如何从数据文件中提取特定的行 [英] how to extract specific lines from a data file
问题描述
我试图写一个脚本来提取10%的训练语料库,并将其写入一个新的文件,但到目前为止,我不明白它的工作。我所做的是计算文件中的总行数,然后将这个数字除以10以知道我想提取的十个不同测试集中的每一个的大小。
trainFile = open(danish.train)
numberOfLines = 0
for trainFile:
numberOfLines + = 1
lengthTest = numberOfLines / 10
我发现,自己的培训文件,它由3638行组成,所以每个测试应该大致由363行组成。
如何将1-363行,364-726行等写入不同的测试文件?
一旦你有了线的数量,回到文件的开始,并开始复制出行到 danish.train.part-01
。当行号是10%测试集大小的倍数时,为下一部分打开一个新文件。
#!/ usr / bin / env python2.7
pre
trainFile = open(danish.train)
numberOfLines = 0
for trainFile:
numberOfLines + = 1
lengthTest = numberOfLines / 10
#将文件倒退到开头
trainFile.seek(0)
numberOfLines = 0
file_number = 0
for trainFile:
if numberOfLines%lengthTest == 0:
file_number + = 1
output = open('danish .train.part-%02d'%file_number,'w')
numberOfLines + = 1
output.write(line)
在这个输入文件(对不起,我不会说丹麦!):
one
two
three
four
five
six
seven
eight
nine
十元
十一元
十二元$ b $十三元$ b $十四元
十五元$ b $十六元
十七元$ b $十八元
十九
二十
二十一
二十二
二十三
二十四
二十五
二十六
二十七
二十八
二十九
三十
这将创建文件
danish.train.part-01
例如,pre>
danish.train.part-02
danish.train.part-03
danish.train.part-04
danish.train.part-05
danish.train.part-06
danish.train .part-07
danish.train.part-08
danish.train.part-09
danish.train.part-10
和第五部分包含:
十三
十四
十五
I have a problem but I feel the solution should be quite simple. I'm building a model and want to test its accuracy by 10-fold cross-validation. To do this I have to split my training corpus 90%/10% into training and test sections, then train my model on the 90% and test on the 10%. This I want to do ten times, by taking a different 90%/10% split every time, so that eventually each bit of the corpus has been used as testing data. Then I'll average the results for each 10% test.

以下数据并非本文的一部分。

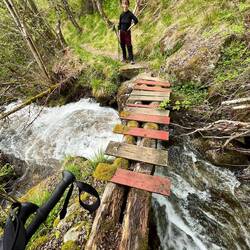 Nous repartons sous peu pour entamer la redescente le long de l’autre flanc de la montagne. Il y a pleins de jolis cascades et de torrents. Avec la fonte des neiges au printemps, l’eau bat son plein!
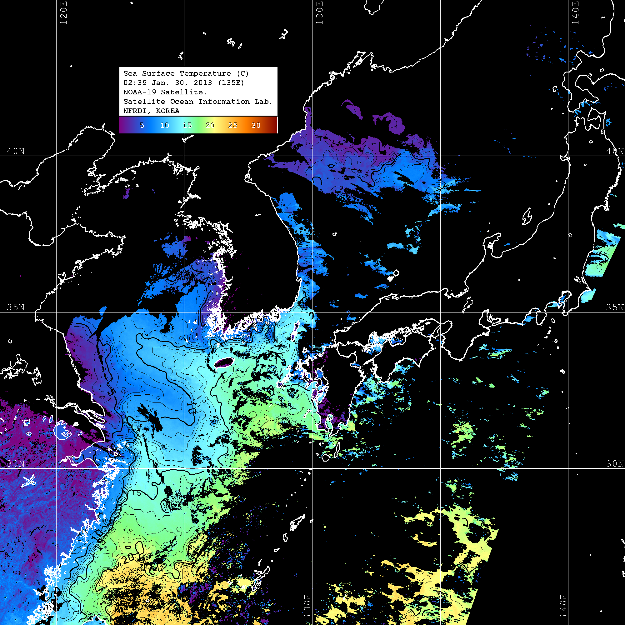 o 2013년 01월 30일 NOAA 위성영상입니다. o 영상 시간 및 수온분포는 범례를 참고하시기 바랍니다. o 검은색은 구름을 나타냅니다. o 그림을 클릭하시면 크게 보실 수 있습니다.

I have tried to write a script to extract 10% of the training corpus and write it to a new file, but so far I don't get it working. What I have done is counting the total number of lines in the file, and then dividing this number by ten to know the size of each of the ten different test sets that I want to extract.
trainFile = open("danish.train") numberOfLines = 0 for line in trainFile: numberOfLines += 1 lengthTest = numberOfLines / 10
I have found, for my own training file, that it consists of 3638 lines, so each test should consist roughly of 363 lines.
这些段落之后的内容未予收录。